### Dataset section ###
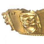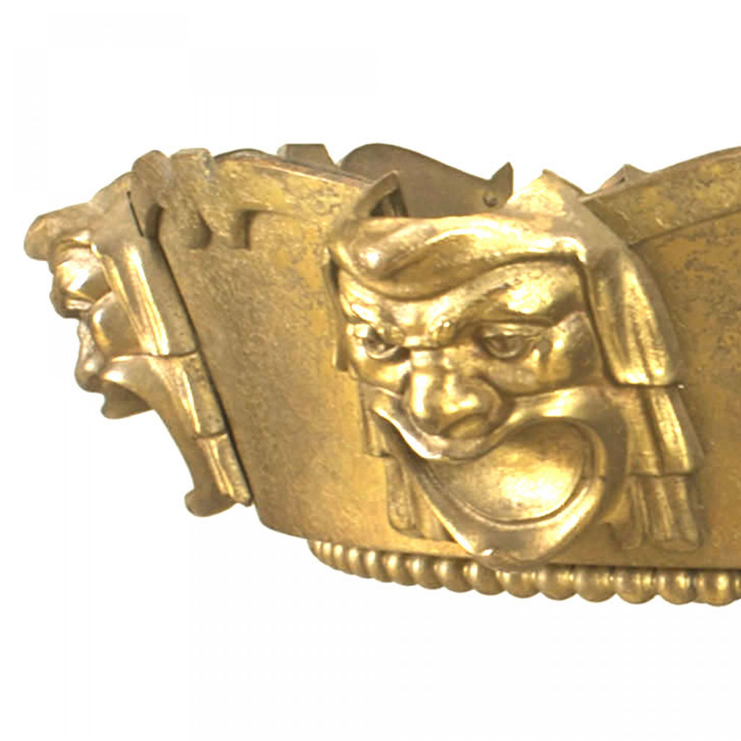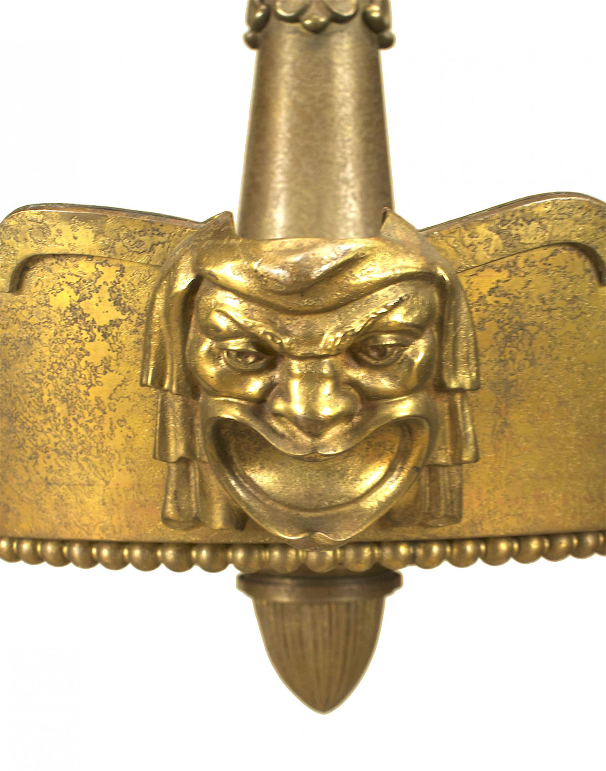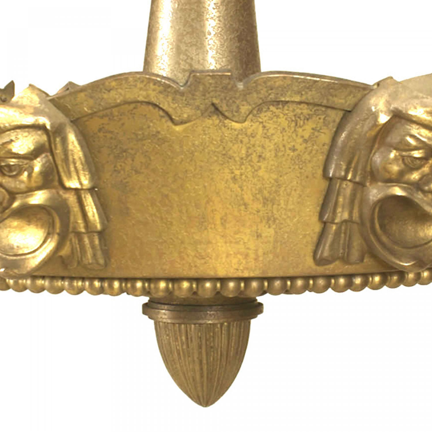 American (1st Quarter 20th Century) bronze round fixture with 6 "comedy" style faces and a beaded bottom centering a finial.
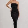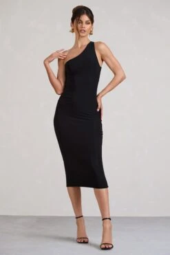 This black bodycon dress is not only classic in an asymmetric silhouette but its premium stretch jersey composition makes it also incredibly comfortable. Vineyard is adorned with one wide strap that artfully loops over an open back. Style this must-have midi dress with strappy heels and statement hoops for a versatile look suited to any special occasion.
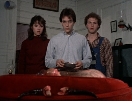 The story starts with a meteor crashing to earth near this little small town, releasing these little aliens beasties, looking like large slugs with bigger teeth, that nest in the basement of a nearby house. Anybody that goes down into the basement becomes a tasty little meal for these inter-galactic eating machine that seems to be growing. The two boys that live there, one a 10-year old monster movie fan, and his older brother who is a science major in college, join up with their friends in an attempt to take on this creature that is devouring their family, before it takes over the whole town!
###
◆ Exercise objective
Transcribe the material as is, with images omitted.

◆ Response to the task
 American (1st Quarter 20th Century) bronze round fixture with 6 "comedy" style faces and a beaded bottom centering a finial.
 This black bodycon dress is not only classic in an asymmetric silhouette but its premium stretch jersey composition makes it also incredibly comfortable. Vineyard is adorned with one wide strap that artfully loops over an open back. Style this must-have midi dress with strappy heels and statement hoops for a versatile look suited to any special occasion.
 The story starts with a meteor crashing to earth near this little small town, releasing these little aliens beasties, looking like large slugs with bigger teeth, that nest in the basement of a nearby house. Anybody that goes down into the basement becomes a tasty little meal for these inter-galactic eating machine that seems to be growing. The two boys that live there, one a 10-year old monster movie fan, and his older brother who is a science major in college, join up with their friends in an attempt to take on this creature that is devouring their family, before it takes over the whole town!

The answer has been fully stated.